PROVIDED DATA:

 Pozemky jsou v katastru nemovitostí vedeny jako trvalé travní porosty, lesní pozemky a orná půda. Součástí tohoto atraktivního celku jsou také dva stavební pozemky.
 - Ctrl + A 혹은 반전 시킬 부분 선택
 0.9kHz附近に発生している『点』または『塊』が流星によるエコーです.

--

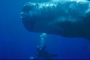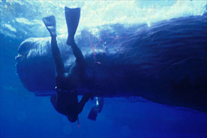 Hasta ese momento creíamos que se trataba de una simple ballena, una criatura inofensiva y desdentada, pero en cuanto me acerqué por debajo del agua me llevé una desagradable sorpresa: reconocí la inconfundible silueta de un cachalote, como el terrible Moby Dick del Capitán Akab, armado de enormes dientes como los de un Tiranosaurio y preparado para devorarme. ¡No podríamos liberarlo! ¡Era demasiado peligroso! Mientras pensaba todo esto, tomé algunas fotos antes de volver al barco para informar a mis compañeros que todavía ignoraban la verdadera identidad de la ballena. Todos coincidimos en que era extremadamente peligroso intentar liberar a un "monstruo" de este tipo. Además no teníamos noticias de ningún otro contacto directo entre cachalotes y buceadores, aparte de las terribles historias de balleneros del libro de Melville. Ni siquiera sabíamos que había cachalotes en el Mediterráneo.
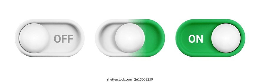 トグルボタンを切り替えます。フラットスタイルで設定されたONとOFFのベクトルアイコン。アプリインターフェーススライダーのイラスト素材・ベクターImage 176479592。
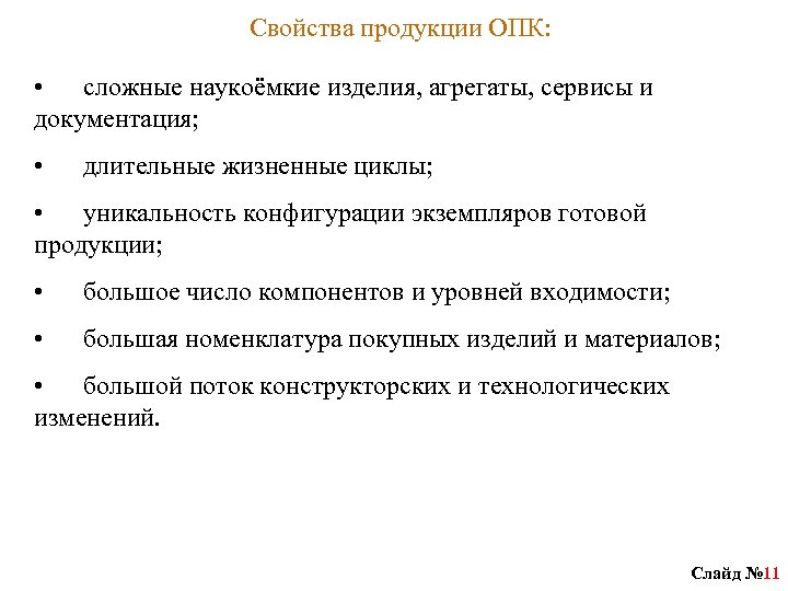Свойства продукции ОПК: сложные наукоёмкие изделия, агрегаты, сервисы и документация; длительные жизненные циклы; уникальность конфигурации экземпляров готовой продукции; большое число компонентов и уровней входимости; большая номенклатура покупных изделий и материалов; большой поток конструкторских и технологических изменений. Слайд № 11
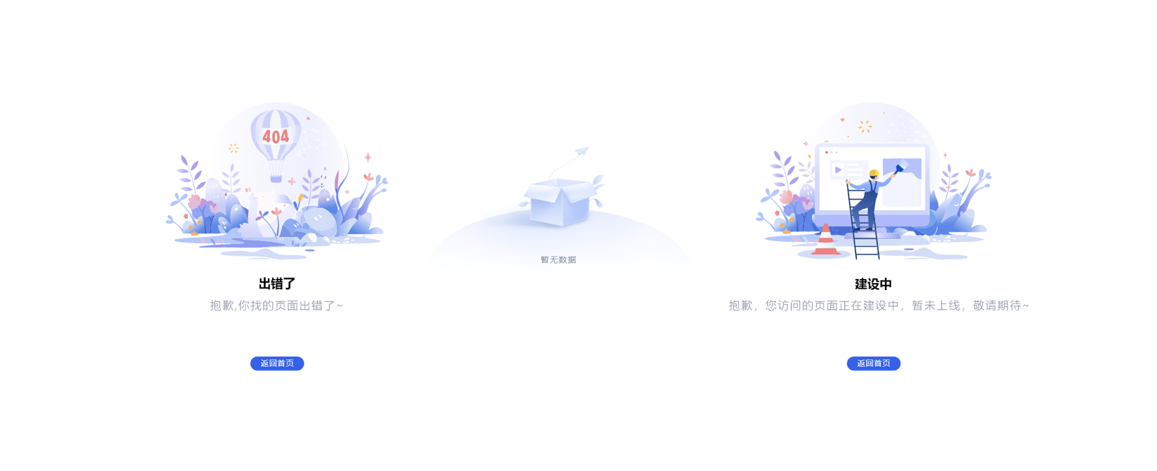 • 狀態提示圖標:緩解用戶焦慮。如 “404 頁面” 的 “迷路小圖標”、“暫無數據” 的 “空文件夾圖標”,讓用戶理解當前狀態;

--

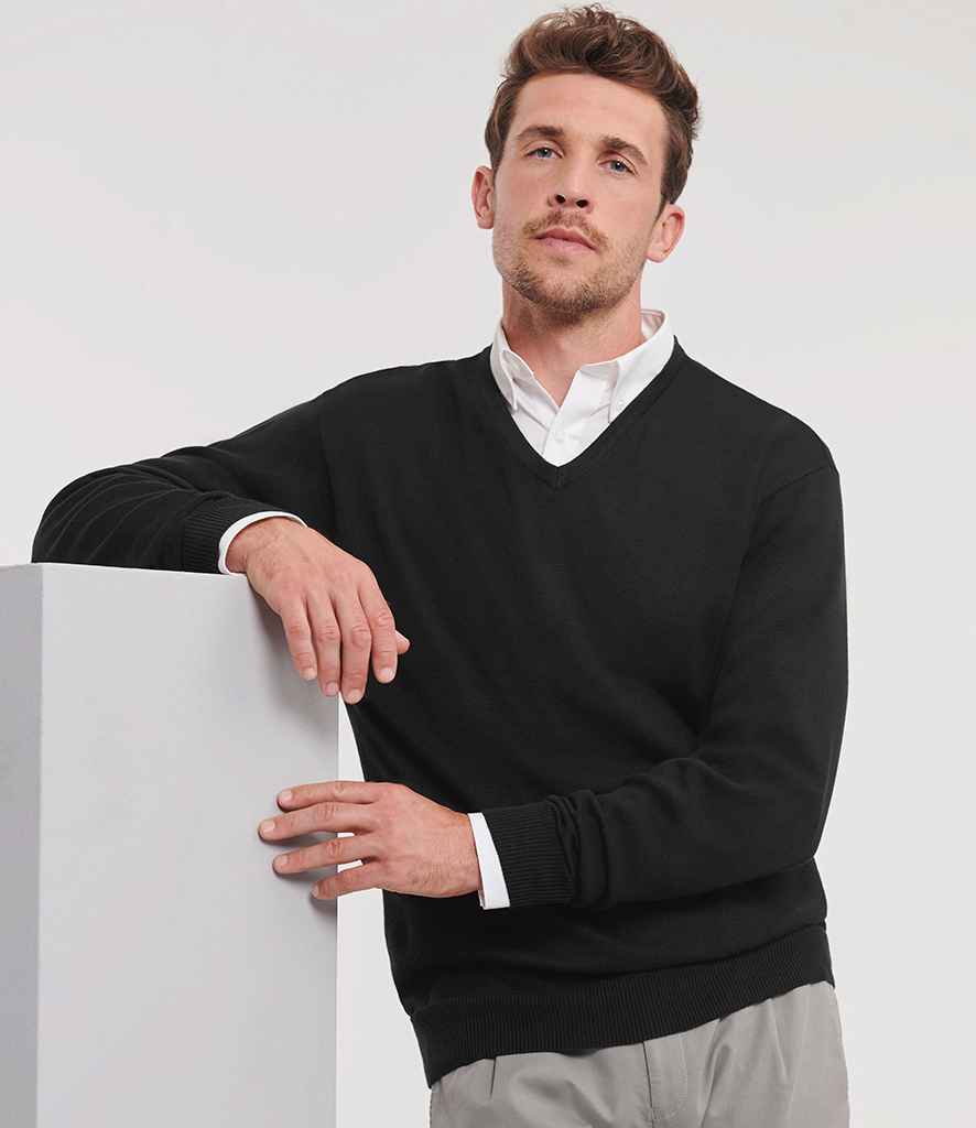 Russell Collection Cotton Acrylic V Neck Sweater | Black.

HOW TO COMPLETE THIS TASK: In the records above, the line with "Pozemky jsou v" marks the start and the line with "0.9kHz附近に発生している『点』または『塊』が流星によるエコーです." marks the end; copy that stretch exactly, both lines included, and nothing else.

EXERCISE RESPONSE:
 Pozemky jsou v katastru nemovitostí vedeny jako trvalé travní porosty, lesní pozemky a orná půda. Součástí tohoto atraktivního celku jsou také dva stavební pozemky.
 - Ctrl + A 혹은 반전 시킬 부분 선택
 0.9kHz附近に発生している『点』または『塊』が流星によるエコーです.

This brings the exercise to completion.